- [Task prompt]: Retype the listing exactly, with no images.

- [Records provided]:
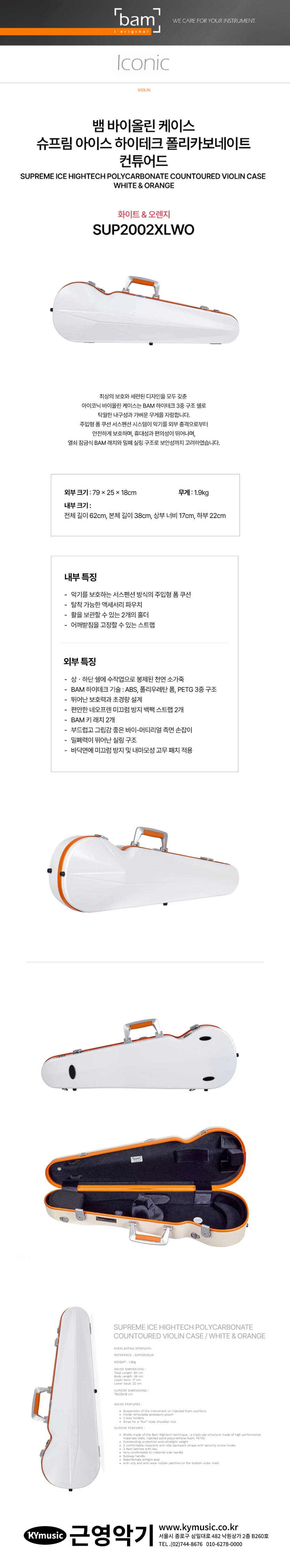 [Bam] 뱀 바이올린 케이스 슈프림 아이스 하이테크 폴리카보네이트 컨튜어드 화이트 & 오렌지 SUP2002XLWO
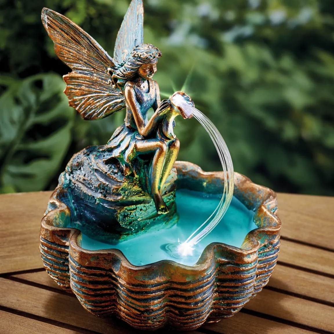 Comptez sur cette jolie fée pour animer votre extérieur : dotée d’un capteur solaire, elle illumine les fibres optiques du bassin lorsque la nuit tombe, pour apporter un éclairage féerique et original !
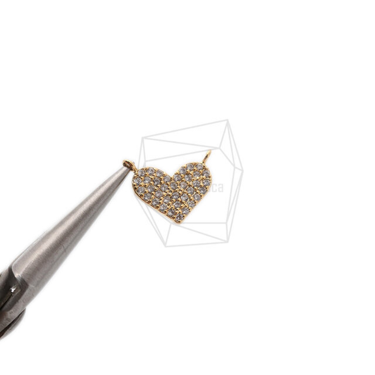 PDT-2394-G/2Pcs- Cubic Zirconia Setting heart Pendant/ 10mm X 13mm/Gold Plated over brass
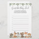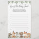 Woodland Tiere Thema Babydusche Vermutung der Baby-Food-Spielkarte bietet eine Aquarell Safari Tier Illustration und Aquarell Grüne eucalyptus Garland und elegante handgeschriebene Stil Schriftart.
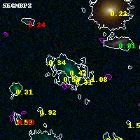Black segments are analyzed here. Roll mouse over color images to view segments. Best viewed in a wide browser window (1200 pixels or more). Download SED & P(z) plots to view larger versions.
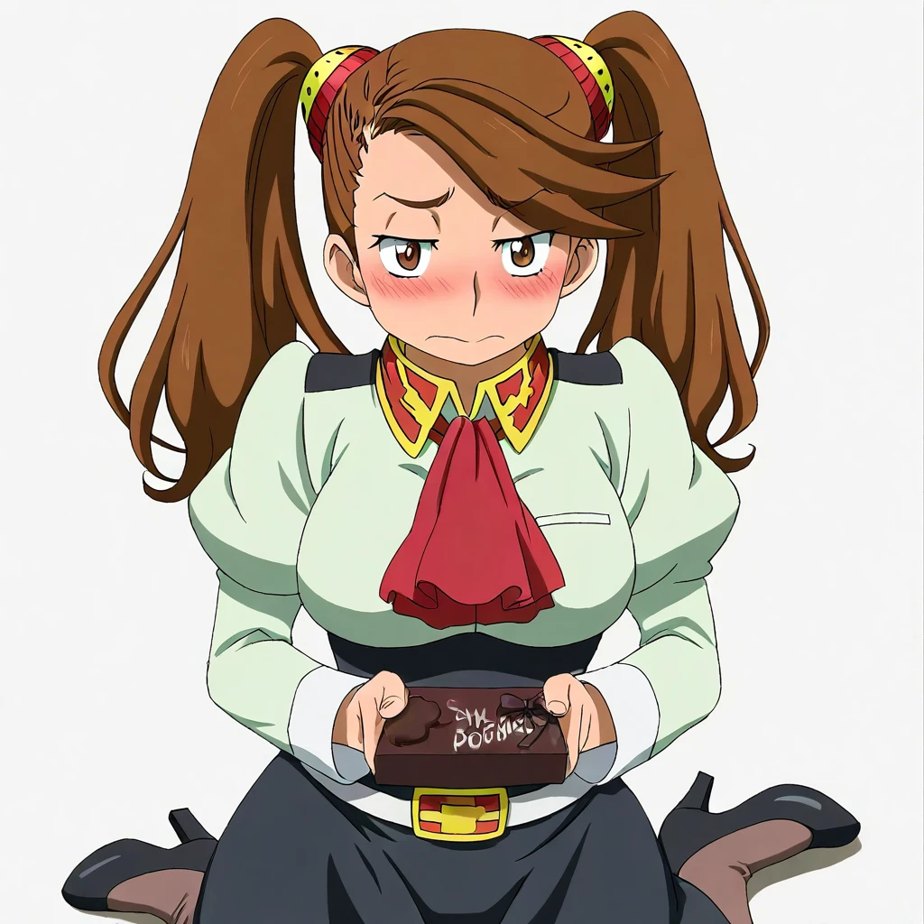 kaoruko sazaki \(gundam\), brown hair, long hair, twintails, hairties, brown eyes, bangs, collar, ascot, school uniform, skirt, belt, pantyhose, heels, , 1girl, solo
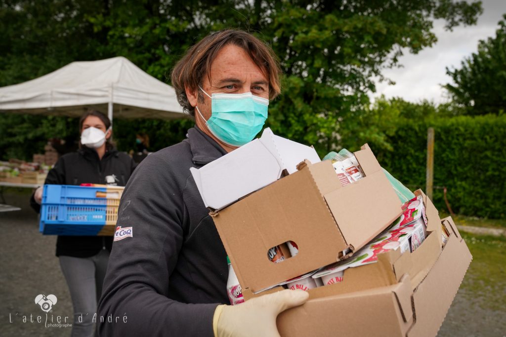 Yannick BESTAVEN : « Prendre un peu de recul et réfléchir à notre vie, ce qu’on en a fait et ce qu’on en fera demain… Pour moi, cette période de confinement est propice à l’ouverture vers les autres. J’ai voulu m’inscrire à la réserve civique, aller avec mon camion aider à la distribution de tout et n’importe quoi, peu importe, tant que c’était utile. Fort de cette envie, j’en ai discuté avec mon partenaire Maître CoQ qui m’a donné les coordonnées de la Halte du Cœur dont l’entreprise est mécène. Et franchement, quel beau cadeau ! En donnant de mon temps, je me suis beaucoup enrichi humainement. Avec ma compagne Claire, nous sommes arrivés au point de rendez-vous donné par l’association, sur un parking où était en place un camion réfrigéré et un chargé de distribution qui est en poste depuis 15 ans. Nous avons aidé l’équipe à monter une tente afin de mettre à l’abri les denrées périssables type fruits et légumes. Les autres colis étaient prêts. Ne restait qu’à distribuer le tout. Toute une chaine de bénévoles s’est mise en place. Mon poste était de faire la liaison entre le camion et les coffres des voitures des bénéficiaires. J’ai donc ainsi pu passer un peu de temps avec chacun. Tous ont des histoires singulières et viennent d’horizons très différents. Un moment précieux. La Halte du Coeur a besoin de bras toute l’année, et encore plus dans cette période particulière… j’y retournerai mercredi prochain et pourquoi pas à d’autres moments entre mes entrainements et les compétitions. »

- [Output below]:
 [Bam] 뱀 바이올린 케이스 슈프림 아이스 하이테크 폴리카보네이트 컨튜어드 화이트 & 오렌지 SUP2002XLWO
 Comptez sur cette jolie fée pour animer votre extérieur : dotée d’un capteur solaire, elle illumine les fibres optiques du bassin lorsque la nuit tombe, pour apporter un éclairage féerique et original !
 PDT-2394-G/2Pcs- Cubic Zirconia Setting heart Pendant/ 10mm X 13mm/Gold Plated over brass
 Woodland Tiere Thema Babydusche Vermutung der Baby-Food-Spielkarte bietet eine Aquarell Safari Tier Illustration und Aquarell Grüne eucalyptus Garland und elegante handgeschriebene Stil Schriftart.
Black segments are analyzed here. Roll mouse over color images to view segments. Best viewed in a wide browser window (1200 pixels or more). Download SED & P(z) plots to view larger versions.
 kaoruko sazaki \(gundam\), brown hair, long hair, twintails, hairties, brown eyes, bangs, collar, ascot, school uniform, skirt, belt, pantyhose, heels, , 1girl, solo
 Yannick BESTAVEN : « Prendre un peu de recul et réfléchir à notre vie, ce qu’on en a fait et ce qu’on en fera demain… Pour moi, cette période de confinement est propice à l’ouverture vers les autres. J’ai voulu m’inscrire à la réserve civique, aller avec mon camion aider à la distribution de tout et n’importe quoi, peu importe, tant que c’était utile. Fort de cette envie, j’en ai discuté avec mon partenaire Maître CoQ qui m’a donné les coordonnées de la Halte du Cœur dont l’entreprise est mécène. Et franchement, quel beau cadeau ! En donnant de mon temps, je me suis beaucoup enrichi humainement. Avec ma compagne Claire, nous sommes arrivés au point de rendez-vous donné par l’association, sur un parking où était en place un camion réfrigéré et un chargé de distribution qui est en poste depuis 15 ans. Nous avons aidé l’équipe à monter une tente afin de mettre à l’abri les denrées périssables type fruits et légumes. Les autres colis étaient prêts. Ne restait qu’à distribuer le tout. Toute une chaine de bénévoles s’est mise en place. Mon poste était de faire la liaison entre le camion et les coffres des voitures des bénéficiaires. J’ai donc ainsi pu passer un peu de temps avec chacun. Tous ont des histoires singulières et viennent d’horizons très différents. Un moment précieux. La Halte du Coeur a besoin de bras toute l’année, et encore plus dans cette période particulière… j’y retournerai mercredi prochain et pourquoi pas à d’autres moments entre mes entrainements et les compétitions. »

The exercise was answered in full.